(ENTRIES SUPPLIED Opens)

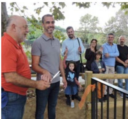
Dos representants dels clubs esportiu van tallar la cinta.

(ENTRIES SUPPLIED Closes)
(ENTRIES SUPPLIED Opens)

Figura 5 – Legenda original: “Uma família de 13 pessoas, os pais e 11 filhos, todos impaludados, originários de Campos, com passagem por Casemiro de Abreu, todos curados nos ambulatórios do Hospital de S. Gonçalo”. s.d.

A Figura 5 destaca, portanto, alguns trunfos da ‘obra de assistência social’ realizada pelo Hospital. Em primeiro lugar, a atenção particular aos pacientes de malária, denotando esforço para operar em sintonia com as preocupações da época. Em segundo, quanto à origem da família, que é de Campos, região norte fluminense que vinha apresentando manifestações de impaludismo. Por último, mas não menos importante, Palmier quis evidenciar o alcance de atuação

(ENTRIES SUPPLIED Closes)
(ENTRIES SUPPLIED Opens)

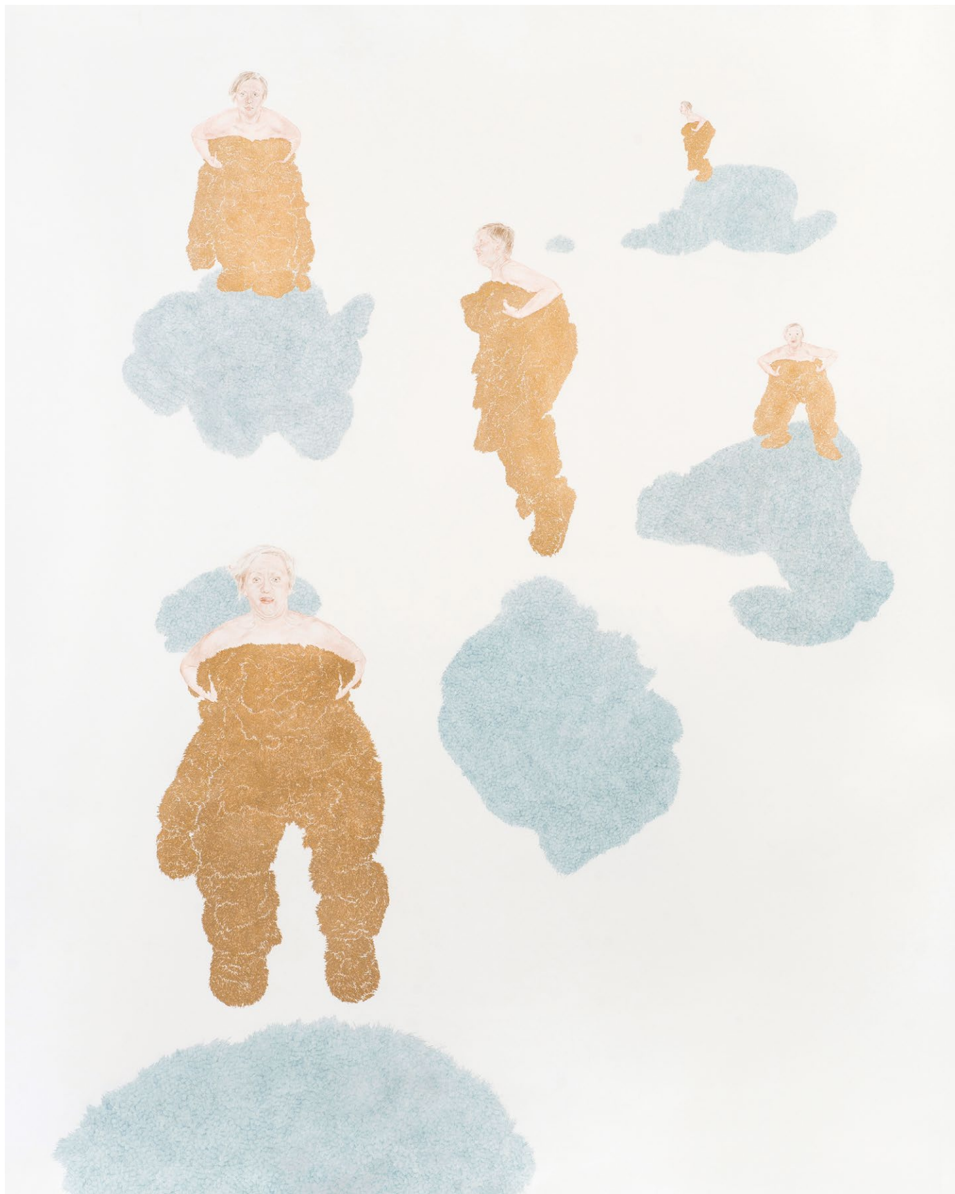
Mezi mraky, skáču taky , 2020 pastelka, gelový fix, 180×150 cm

(ENTRIES SUPPLIED Closes)

**YOUR ASSIGNMENT:** Your answer should consist of all lines above that include the string "Campos".

**TASK SOLUTION:**
Figura 5 – Legenda original: “Uma família de 13 pessoas, os pais e 11 filhos, todos impaludados, originários de Campos, com passagem por Casemiro de Abreu, todos curados nos ambulatórios do Hospital de S. Gonçalo”. s.d.
A Figura 5 destaca, portanto, alguns trunfos da ‘obra de assistência social’ realizada pelo Hospital. Em primeiro lugar, a atenção particular aos pacientes de malária, denotando esforço para operar em sintonia com as preocupações da época. Em segundo, quanto à origem da família, que é de Campos, região norte fluminense que vinha apresentando manifestações de impaludismo. Por último, mas não menos importante, Palmier quis evidenciar o alcance de atuação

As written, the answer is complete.